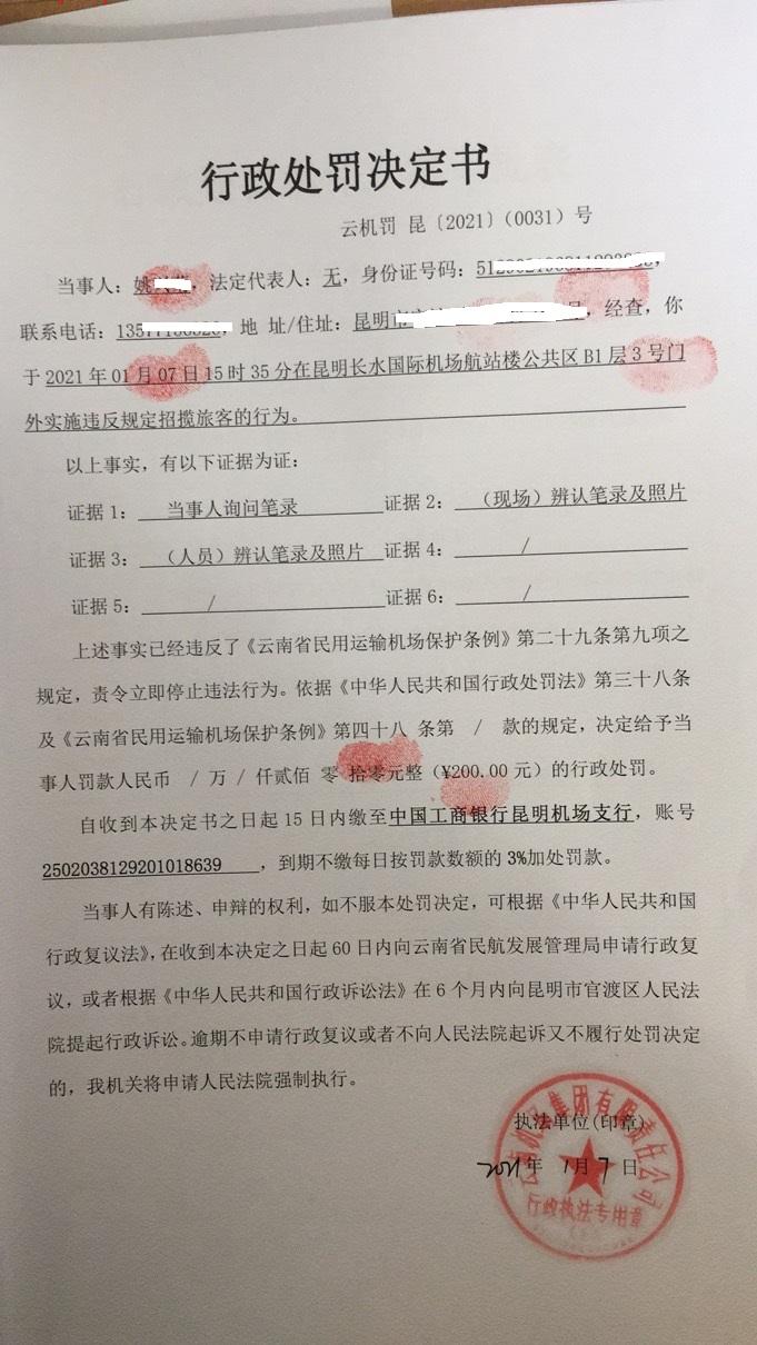 行政处罚决定书 云机罚 昆{2021} (0031)号
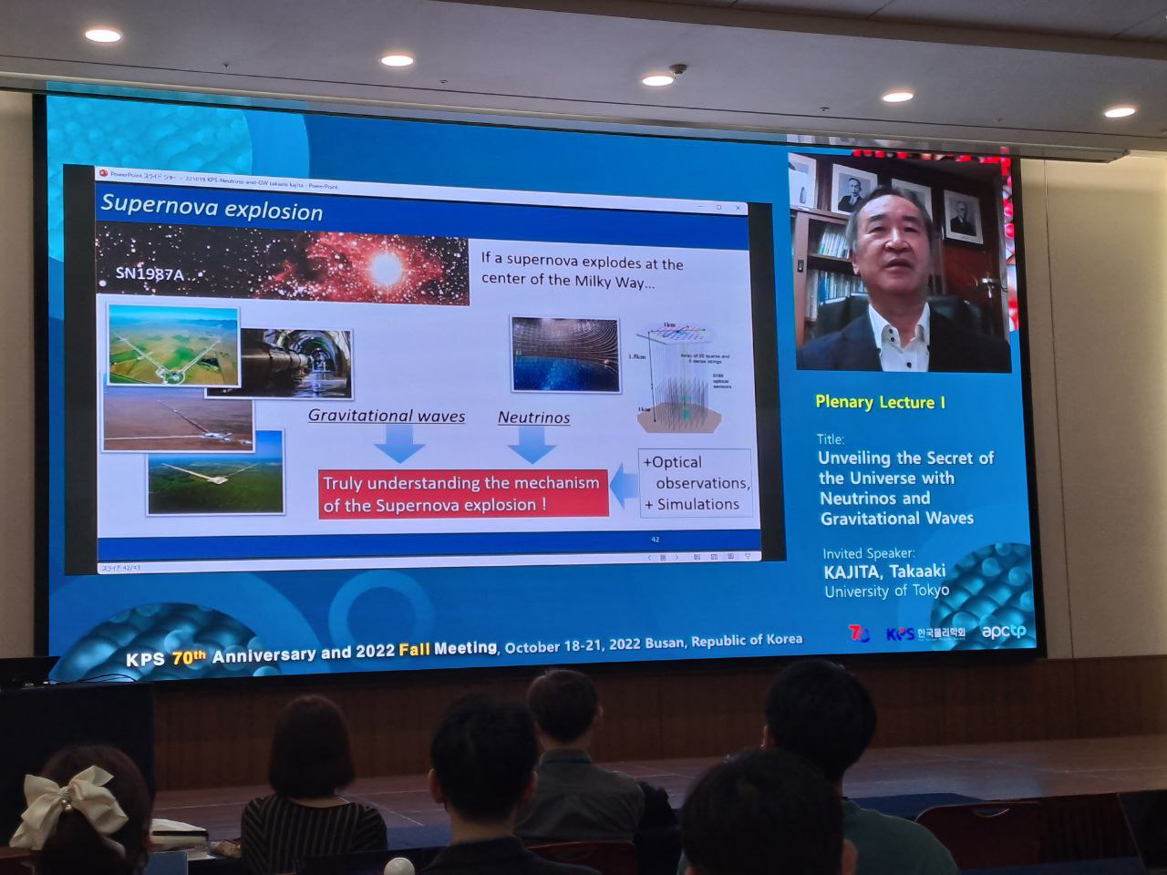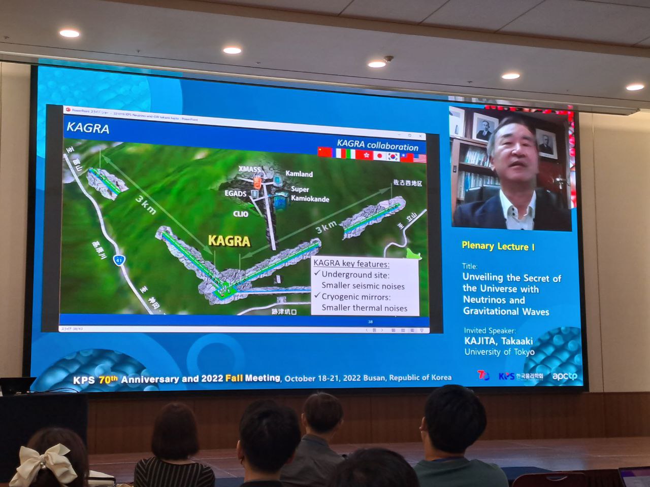 На международной конференции Корейского физического общества: KPS 70th Anniversary and 2022 Fall Meeting, которая проходит 18-21 октября в г.Пусан, состоялась лекция лауреата Нобелевской премии по физике 2015 г. профессора Такааки Кадзита (Prof. Takaaki Kajita) "Unveiling the secret of the Universe with neutrinos and gravitational waves" - "Раскрытие тайны Вселенной с помощью нейтрино и гравитационных волн".
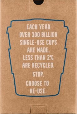 Deze iconische beker is gemaakt van natuurlijk hardgevormd polymelkzuur, een biopolymeer gemaakt van 100% hernieuwbare, plantaardige materialen zoals suikerbieten, maïs en aardappelzetmeel. Verder is de Ecoffee Cup melaminevrij en vrij van BPA, BPS en ftalaten.
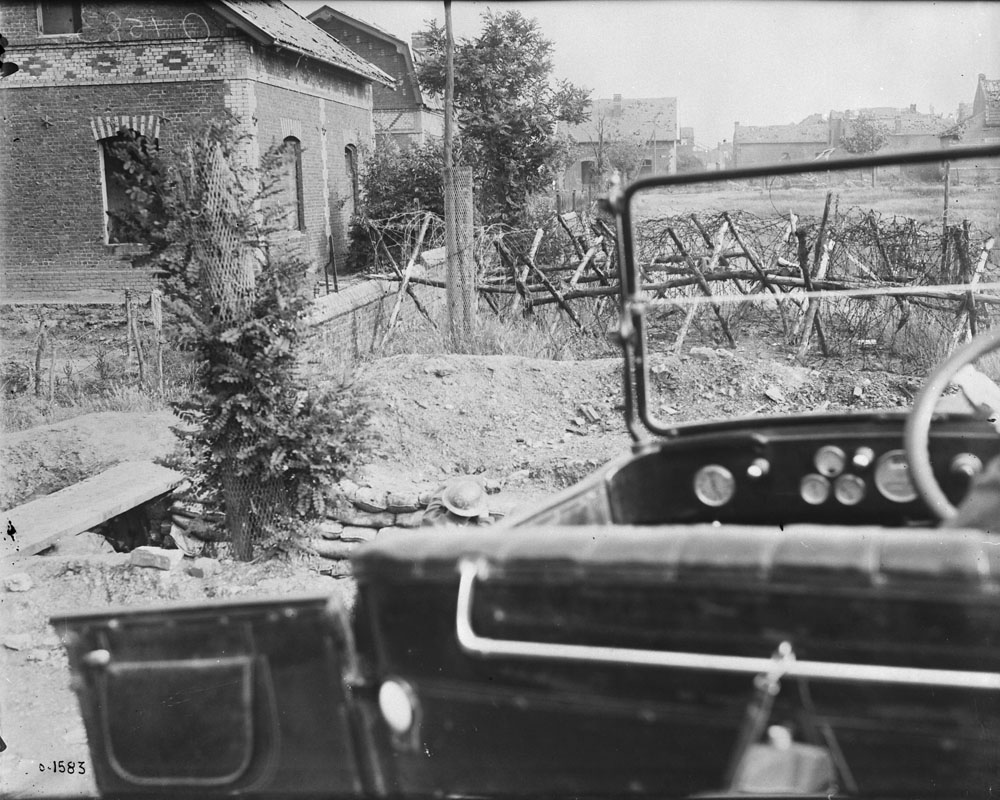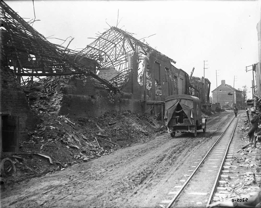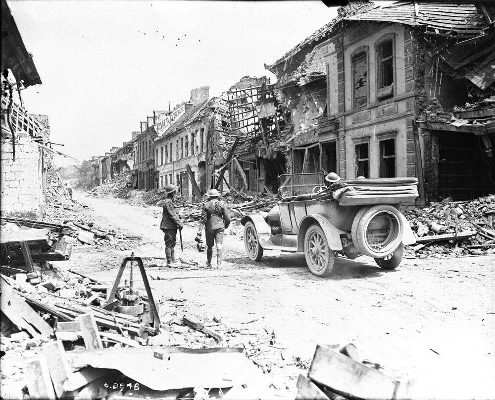 A dusty Cadillac on the main street of Lievin, on the outskirts for Lens, France. By the shorts and helmets in wear the Date would suggest summer, 1917.
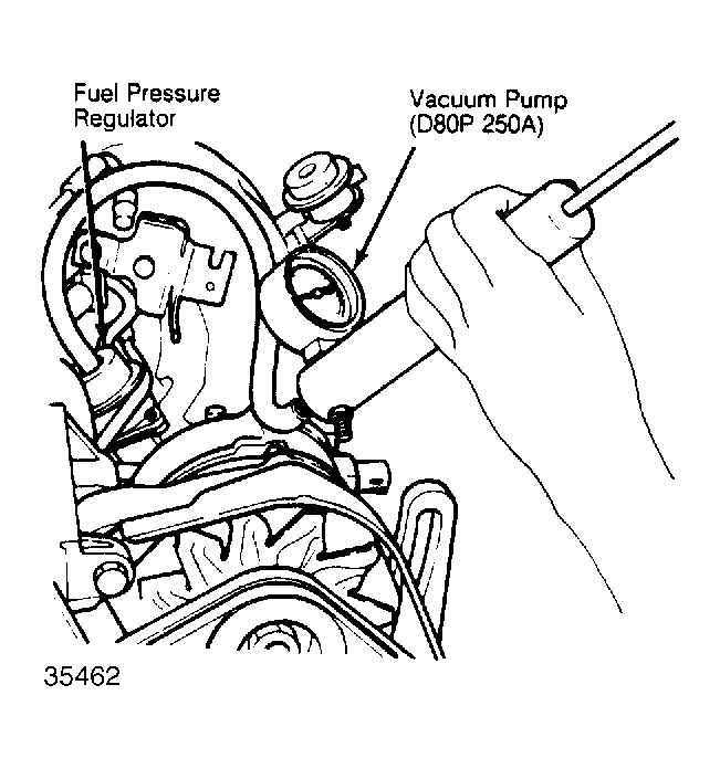 Disconnect vacuum line at the pressure regulator. Connect a hand-operated vacuum pump to the regulator fitting and apply 18 in. Hg vacuum. If the reading does not remain at 18 in. Hg vacuum the regulator diaphragm is leaking. Replace the pressure regulator, if necessary. See Fig 1 .

________________________________________

How to complete this task :: The expected answer is an unaltered copy of the listing, images removed.

Task solution ::
 行政处罚决定书 云机罚 昆{2021} (0031)号
 На международной конференции Корейского физического общества: KPS 70th Anniversary and 2022 Fall Meeting, которая проходит 18-21 октября в г.Пусан, состоялась лекция лауреата Нобелевской премии по физике 2015 г. профессора Такааки Кадзита (Prof. Takaaki Kajita) "Unveiling the secret of the Universe with neutrinos and gravitational waves" - "Раскрытие тайны Вселенной с помощью нейтрино и гравитационных волн".
 Deze iconische beker is gemaakt van natuurlijk hardgevormd polymelkzuur, een biopolymeer gemaakt van 100% hernieuwbare, plantaardige materialen zoals suikerbieten, maïs en aardappelzetmeel. Verder is de Ecoffee Cup melaminevrij en vrij van BPA, BPS en ftalaten.
 A dusty Cadillac on the main street of Lievin, on the outskirts for Lens, France. By the shorts and helmets in wear the Date would suggest summer, 1917.
 Disconnect vacuum line at the pressure regulator. Connect a hand-operated vacuum pump to the regulator fitting and apply 18 in. Hg vacuum. If the reading does not remain at 18 in. Hg vacuum the regulator diaphragm is leaking. Replace the pressure regulator, if necessary. See Fig 1 .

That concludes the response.